I closed my eyes for a moment. “I don’t suppose you ever remember to tell the potential buyers about the onboard GPS unit, then?”

He feigned ditziness. “You know, I always seem to forget to mention that little selling point. Or that I have a spare set of keys I’m not turning over. How careless of me. But hey, I always let them have at least one weekend with it.”

“You’re a saint, clearly.” 

“Fuck yes, that is what I keep trying to tell everyone.”

Chespy stayed for about an hour. Blackie never returned. Later I would realize that he never allowed me to get close to him. It wasn’t obvious, he just always managed to shift around so that he had about twenty feet between us. I guessed that El Smiley had told him about my knife, and he was keeping enough space between us to be able to pull a pistol from his waistband if I got frisky. I eventually figured out why he had come to see me. 

“Look, Chespy, let’s cut to the chase. You are here to read my jacket, and I’m fine with that. I’ve played along with you, answered your questions freely. Make your report, your decisions, do whatever you need to do. But this situation has got to change. If Ramos doesn’t want me here give me the papers we agreed to at the border and I’m gone. If not, you have to at least clue me in to the story, because I’m a risk to everyone when you keep me in the dark like this.”

He stared at me for a moment before nodding. “Fair enough. You will get your answer soon enough.”
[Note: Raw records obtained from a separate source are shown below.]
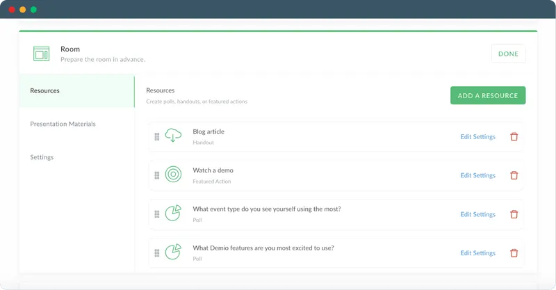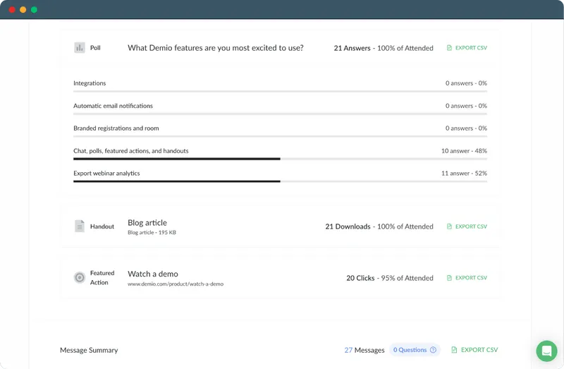 Track exactly who downloaded your handouts, participated in your polls, clicked your featured actions, and drove conversation in your chat. Use your insights to identify attendees who were most engaged during your session. Learn who was most focused during your session (and who was nodding off), to help you understand which attendees prioritize in your post webinar campaigns. Integrate Demio’s webinar data with your marketing automation platform (or CRM) to drive your engaged attendees to the next step in their buyers journey.
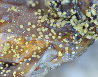 Dieses gelbe Mineral bildet Krusten auf Calzit und Quarz. Der Quarzkristall dürfte 1mm groß sein.
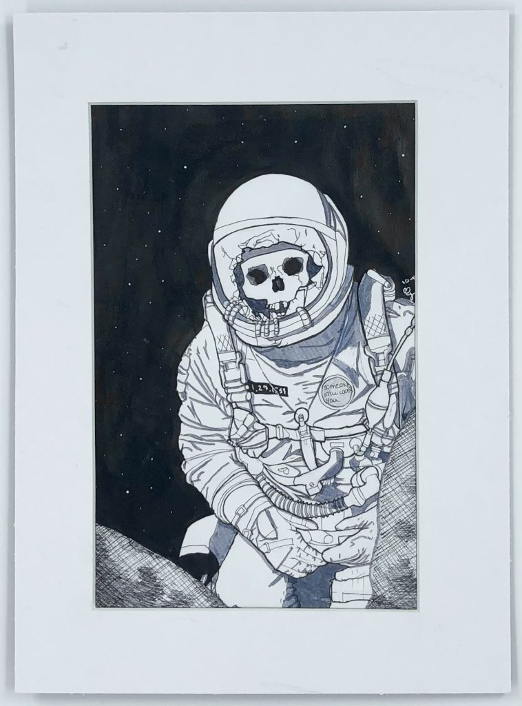 An inked illustration of a skeleton astronaut.

With that he bid me a good day and departed. It would be more than a year before I came to fully understand just how much danger I had been in, that Chespy was not a car thief or a coyote or even a drug dealer, but rather a serial killer in the prime of his career for the cartels. When the military caught up with him in June of 2005 in Piedras Negras, he mowed down eight soldiers with some sort of automatic cannon he had propped up on his balcony’s railing. When commandos stormed his condo, he detonated enough Semtex to send a portion of his building’s roof into the swimming pool of a building two blocks away. It made all of the news programs in the nation for a few days.

The next day Papa Ramos, my new father apparently, graced me with his presence. I couldn’t read anything in his expression, and I was coming to understand he did not speak often. Instead of trying to engage him, I dove into the silence and lost myself in its stream for a bit, before he pulled me back up.

“I think eez time we take a ride.”

I nodded, suddenly extremely tired. I didn’t know what “take a ride meant,” but I was about done with trying to swallow down all of this fear. Wherever we were headed, it had to be better than here. I was officially throwing in the towel, if it came to that. I half expected him to point the truck further into the desert. Instead, we drove into town, to meet the rest of my new family.